Hopefully there was also an update to the privacy policy reflecting the new
meaning of being signed into chrome?

------
dazhbog
Was holding back updating to 69, and after restarting le browser, boom I'm now
im forced to use this crap with no way to go back.

Spent hours trying to figure out how to disable automatic updates on a Mac.
Everything is so deliberately hidden it's disgusting. Find
com.google.Keystone.xxx, LaunchAgents, plists, edit this XML, and edit that
UpdateDefault field, policies, etc. [1]

Then, being fed up with Chrome, lets see Chromium website, maybe those guys
without any bad motives can provide a developer friendly way to disable
updates.. It should be somewhere in about:about right? Nop, clicking on how to
turn off updates guide[2] redirects to a a Google page irrelevant to auto
updates..

This reminds me of the time that Chrome didnt have any password (keychain)
protection and they were claiming it was a Feature!

[1]
[https://support.google.com/chrome/a/answer/7591084?hl=en](https://support.google.com/chrome/a/answer/7591084?hl=en)

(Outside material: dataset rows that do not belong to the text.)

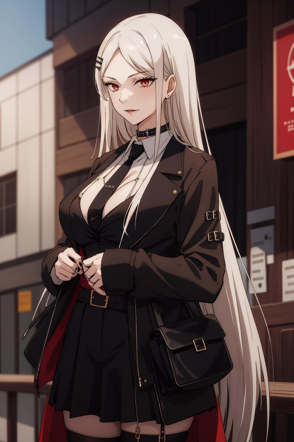 For completely canonical clothing use loRA at 1 or 0.6 (which I highly recommend) but using the additional prompt "black necktie"
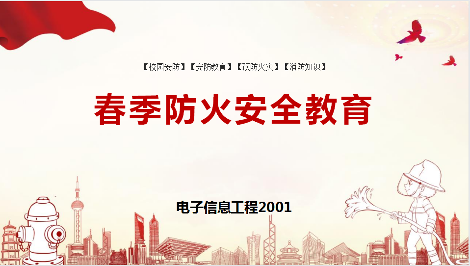 电子信息工程2001班在开展“春季防火安全教育”时,团支书王一体同学通过PPT展示、防火安全短视频等方式,与大家共同学习和交流了春季校园防火及应急应对措施、宿舍火灾安全隐患及自我救护、灭火器的选择及使用方法等防火安全基础知识。
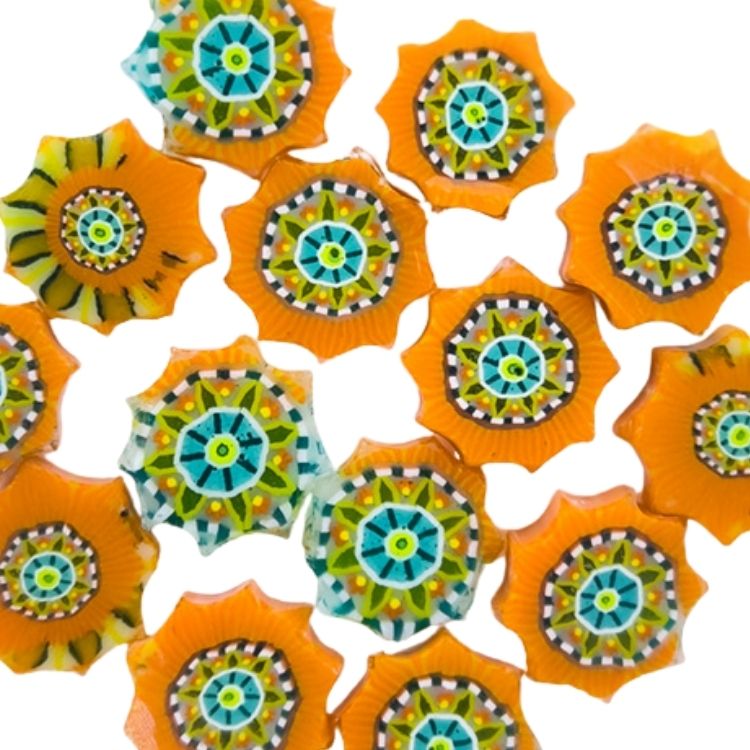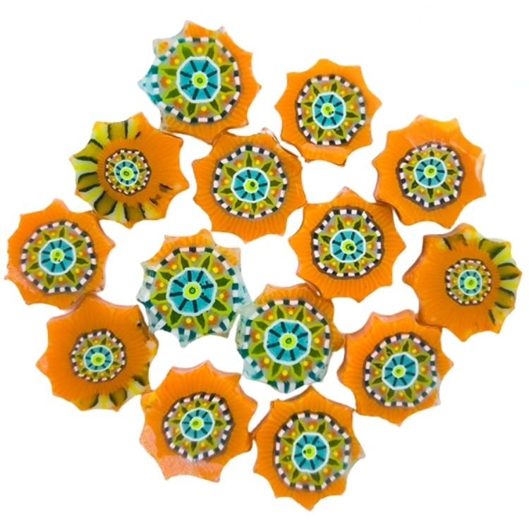 Tabitha’s Glass Emporium proudly creates and produces XL Murrine, which exceed 10mm / 1/2 inch in diameter. Elevate your designs with XL Tribal Mandala Murrine—add a radiant, intricate touch that captures warmth and beauty in every piece!
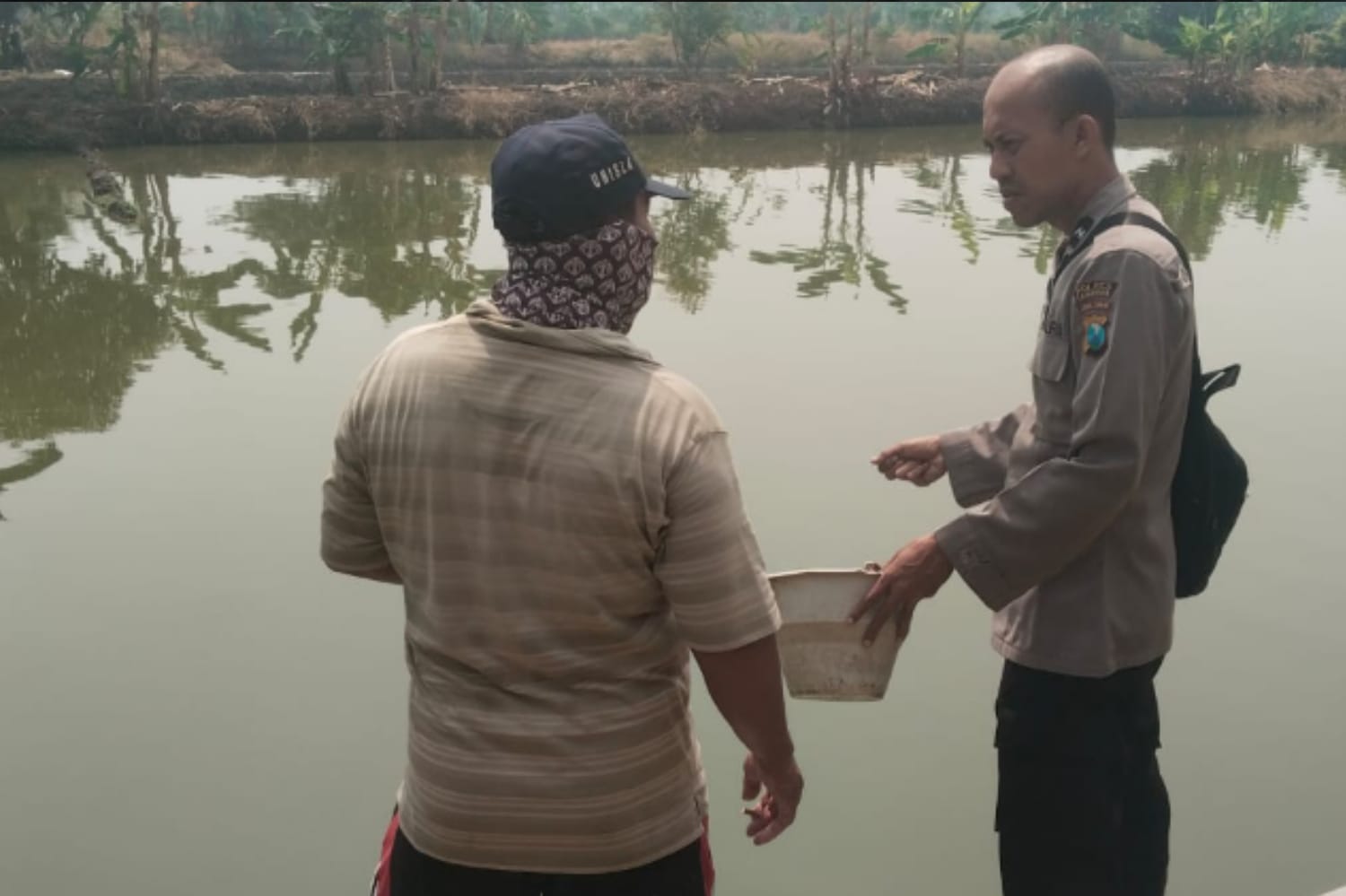 Bersama petani, personel Polsek Deket bantu memberikan pakan ikan nila di lahan tambak milik warga.
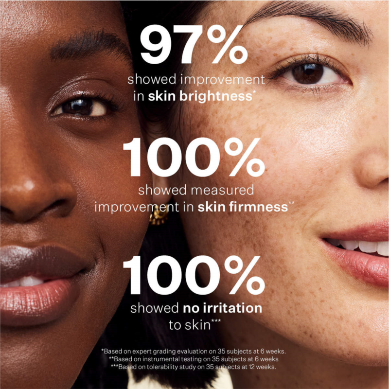 - 97% showed improvement in skin brightness after 6 weeks
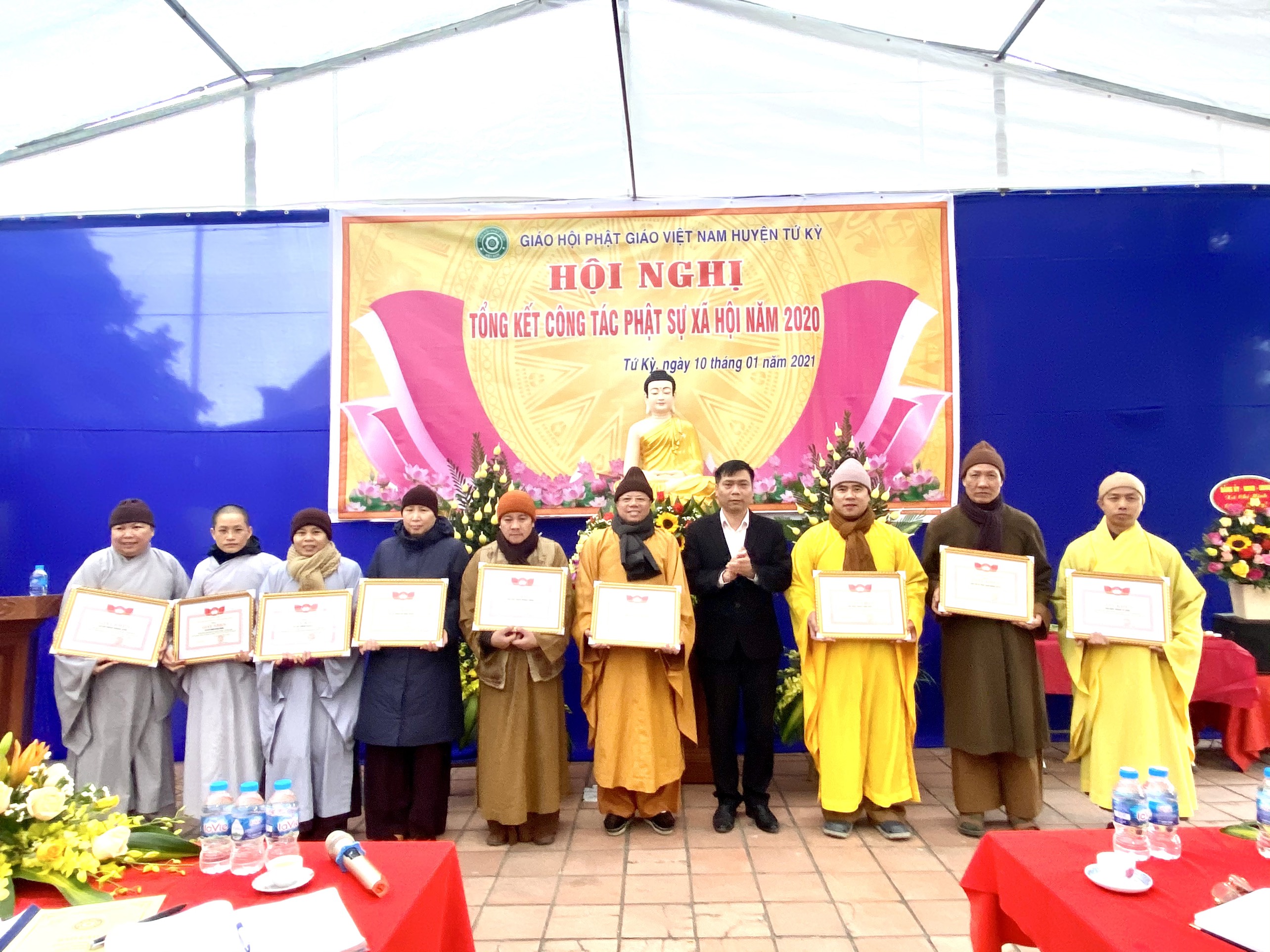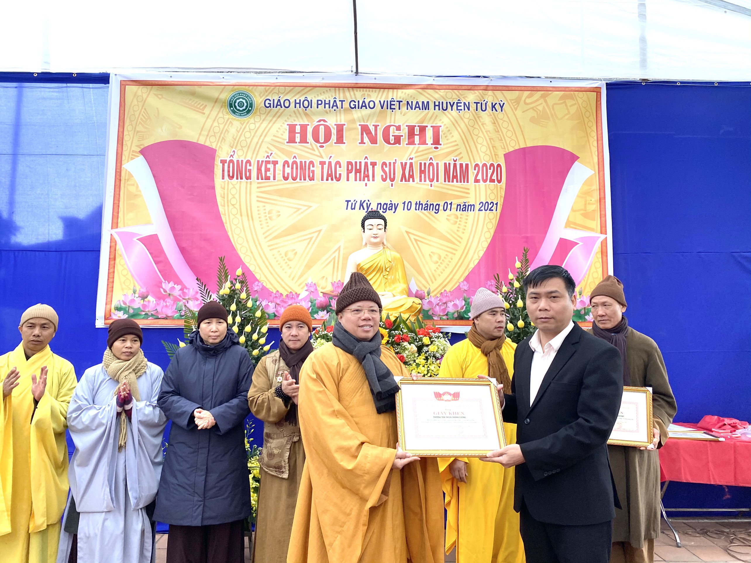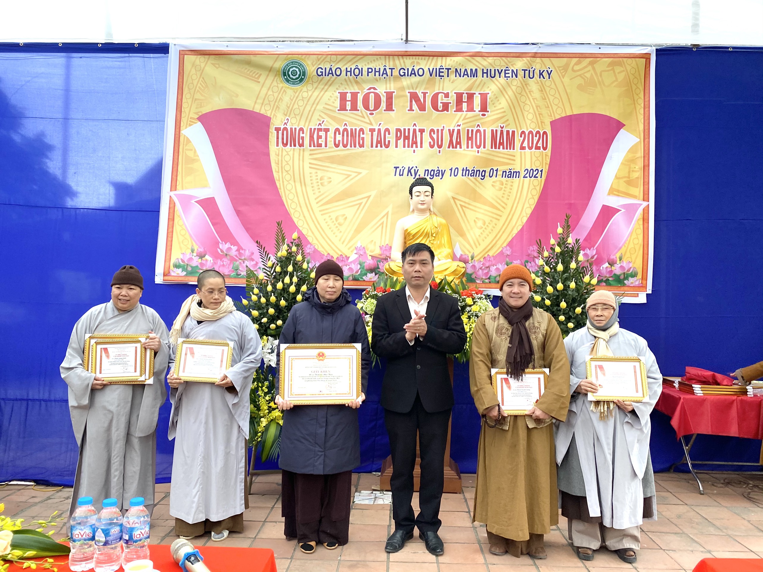Dịp này, Uỷ ban MTTQVN huyện Tứ Kỳ còn trao tặng bằng khen cho 1 tập thể và 7 cá nhân có thành tích xuất sắc trong công tác Phật sự năm 2020.
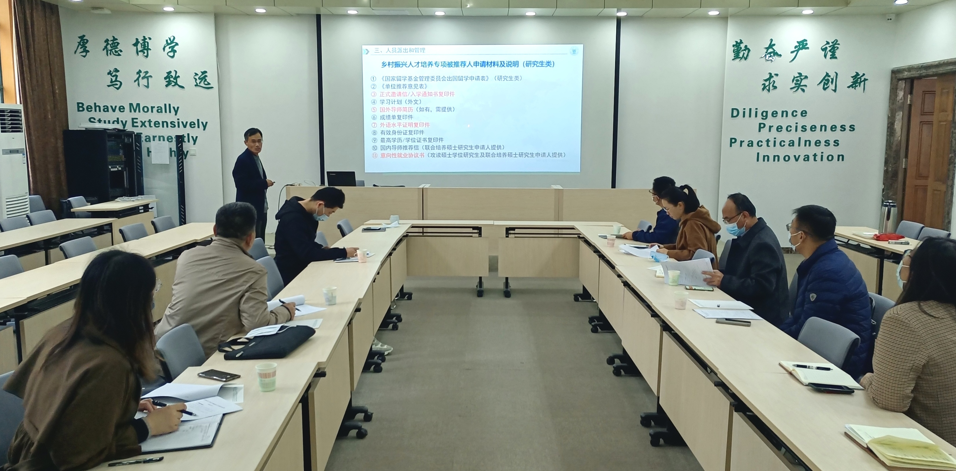 11月16日下午,学校在专家楼115报告厅召开国家留学基金委乡村振兴人才培养专项实施推进会。农学院、植物医学学院、资源与环境学院、食品科学与工程学院、经济管理学院(合作社学院)、化学与药学院等学院分管外事负责人,研究生处副处长张妮妮、太阳成集团tyc234cc副处长王磊及太阳成集团tyc234cc相关人员参加会议。
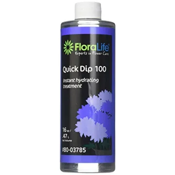 Floralife Quick Dip hydrates flowers instantly by allowing them to absorb nutrients quickly. Just dip the stem in the solution for one second before placing it in water.
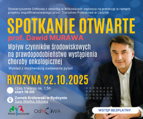 Miejscowość: Rydzyna Miejsce: Zamek Królewski - Sala Wielka Alkowa Data rozpoczęcia: 22.10.2025 18:00:00 Data zakończenia: 22.10.2025 20:00:00 Organizator: Stowarzyszenie OdNowa z Wilkowic Opis wydarzenia: Stowarzyszenie OdNowa z siedzibą w Wilkowicach zaprasza na spotkanie otwarte z prof. Dawidem Murawą, dyrektorem Szpitala Wojewódzkiego w Poznaniu oraz kierownikiem Katedry Chirurgii i Onkologii Collegium Medicum Uniwersytetu Zielonogórskiego. Tematem wykładu będzie „Wpływ czynników środowiskowych na prawdopodobieństwo wystąpienia choroby onkologicznej”. W programie przewidziano wystąpienie profesora oraz możliwość zadawania pytań. Wydarzenie realizowane jest w ramach projektu współfinansowanego przez Starostwo Powiatowe w Lesznie. |
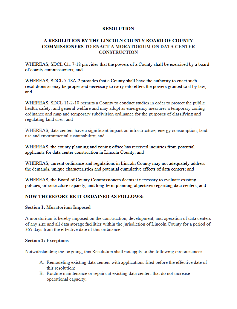 Commissioner Joel Arends brought the resolution after Sioux Falls petitioners failed to get enough signatures for a referendum on a data center rezoning decision. Arends argued the moratorium would let the county act "with facts and not fear."
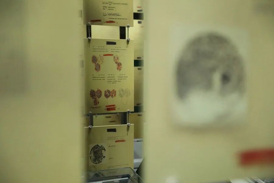 据专家介绍,《炭疽菌实验报告》从292页到311页,是腺素腺体的病理变化情况,在这部分引用的显微镜观察照片第“M325号”和“M54号”的说明中标识“德特里克”字样。专家表示,“德特里克”即现在美军德特里克堡基地,可以断定《炭疽菌实验报告》也曾保存在德特里克堡基地。
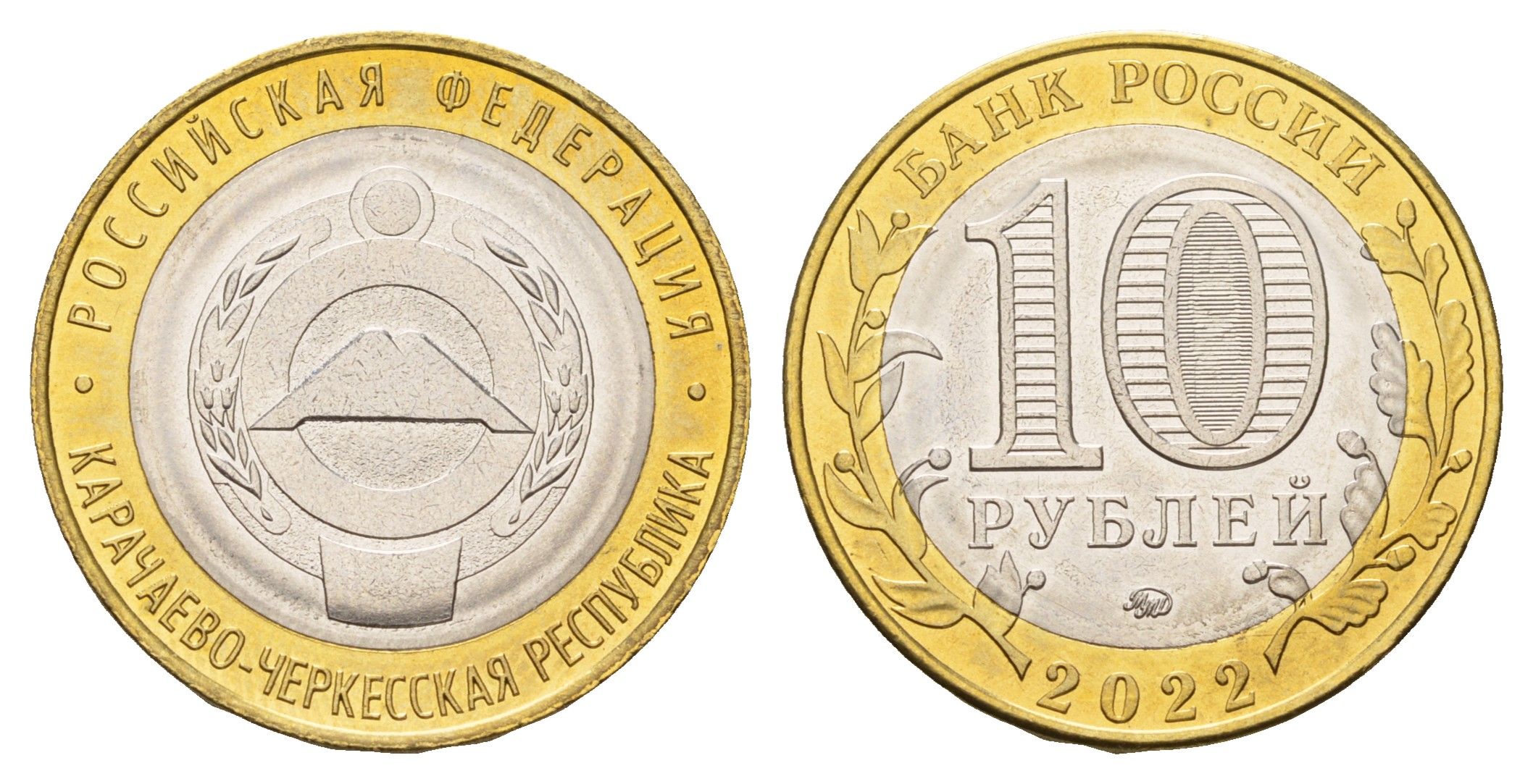 Россия 10 рублей 2022 серия Российская федерация - Карачаево-Черкесская Республика Y 2029 биметалл UNC 3457-825
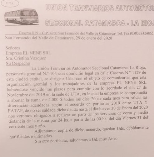 Roque Chanquia, delegado de la empresa confirmo que ya se notificaron las partes para realizar un paro por 24 horas el dia viernes 31 por el incumplimiento al pago de cuota $4000 acordados los días 20 de cada mes, hasta se cancele el pago de lo acordado en paritarias 2019.
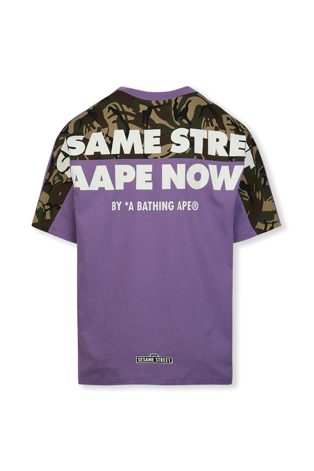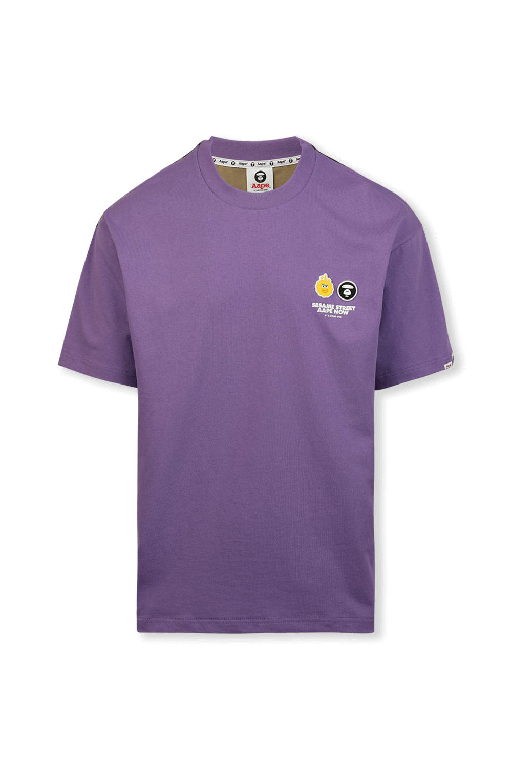 טי שירט בעיצוב מותג הסטריט היפני הרותח AAPE. זהו דגם העשוי 100% כותנה איכותית בגוון סגול כאשר הדפס מלא פאן בהשראת משפחת רחוב שומשום המוכרת מתנוסס על הגב ומופיע גם על החזית. לפריט גזרה ישרה ונינוחה עם שרוולים קצרים וצווארון עגול. פריט היסטרי שיהפוך כל לוק לסופר קולי ועדכני.
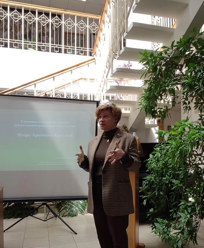 Доклад Юлии МихайловныТютюновой - кандидата педагогических наук, доцента, заведующей кафедрой рисунка ОГУ имени И.С. Тургенева», члена Ассоциации искусствоведов был посвящён двадцатилетней педагогической деятельности Круглого на художественно-графическом факультете, его участию в становлении художественного образования в Орле.
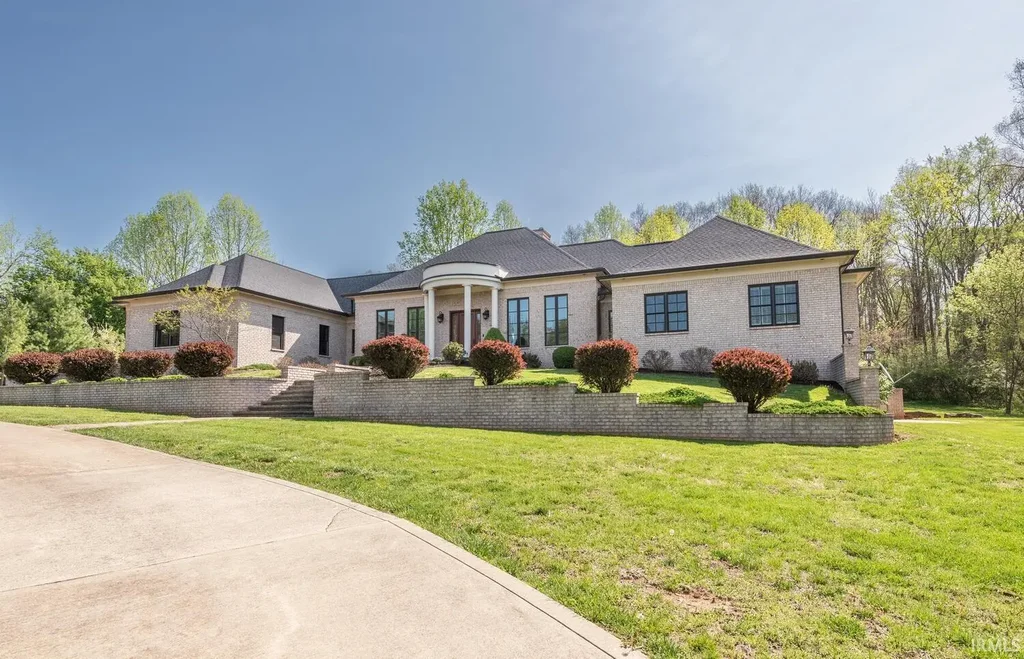 This exceptional luxury residence blends timeless elegance and modern sophistication. Nestled on a serene, more than 2.5-acre parcel, this custom-built brick estate is bordered by 39 acres of county-owned wooded land, ensuring unparalleled privacy and a natural backdrop of tranquility. The interior displays masterful craftsmanship and premium finishes throughout. The main living spaces feature site-finished white oak flooring, soaring ceilings, and intricate crown molding, all bathed in natural light from oversized windows that frame views of the lush surroundings. Multiple fireplaces offer warmth and ambiance in both formal and informal living areas, perfect for entertaining or quiet evenings at home. The richly appointed, wood-paneled study features built-in bookshelves and a classic hearth, perfect for working or unwinding in style. The spacious laundry room is thoughtfully designed with custom cabinetry and an integrated office space ideal for remote work or organization—framed by peaceful wooded views that make even everyday tasks feel elevated. The heart of the home is a chef’s dream kitchen outfitted with high-efficiency, state-of-the-art appliances, custom cabinetry, and refined finishes. Seamless indoor-outdoor flow invites you to enjoy peaceful mornings or sunset gatherings on the expansive patio, embraced by mature trees and natural beauty. First floor living is complimented by an almost two thousand square foot walk out basement with nine-foot ceilings, an extra bedroom, full bathroom, wet bar, media/ entertainment area, and copious storage options. This home offers spacious bedrooms, spa-inspired bathrooms, and versatile living spaces, all designed with comfort and luxury in mind. Every detail reflects superior quality and thoughtful design. Located a short drive from Indiana University, Eagle Point Golf Resort, outdoor recreation, and Lake Monroe. This rare offering in Foggy Morning Glen combines the best of refined living and natural beauty.

[2] [https://www.chromium.org/administrators/turning-off-auto-
upd...](https://www.chromium.org/administrators/turning-off-auto-updates)

------
z3t4
When I found out the Google update service secretly wake up at night to scan
all my hard drive's they where quick to remove that "feature", but I'll never
use a Google product again. (it could also have been a malware or virus). But
who cares right ? Today everyone uploads their IP to the big vendors who's
business model is far from only providing cloud storage.

------
ToFab123
Too late Google. What ever trust I had left in you are gone. I already
uninstalled Chrome and it is not coming back on my computers.

------
newscracker
Nice try, but a bit too late.

Emphasis mine:

> "While we think sign-in consistency will help many of our users, _we’re
> adding a control that allows users to turn off linking web-based sign-in
> with browser-based sign-in—that way users have more control over their
> experience._ For users that disable this feature, signing into a Google
> website will not sign them into Chrome."

Frankly, is this just more subterfuge because this is opt-out and not opt-in?
Most people wouldn't really understand whatever help text you put out there.
If you word it in a way that makes saying yes look like the better option,
people will do so (people generally say "yes" or "ok" to any dialog because
they want to get rid of them and get to work). These are dark patterns that
nobody should use, least of all a company that claimed long ago "do no evil".

------
tempestn
If sync is left disabled, what else does signing into the browser do? I
normally use Firefox, where my understanding is that when you sign in, you're
specifically signing in to Firefox sync. Since these are separate options on
Chrome, presumably there are other functions tied to browser login.

------
jhayward
I still haven't seen any clear statement from Google on whether or not being
signed in to Chrome w/out enabling sync alters what data flows from browser to
Google in any way.

If signing in to Chrome is completely without any data exchange, collection,
aggregation, or reporting, then please say so.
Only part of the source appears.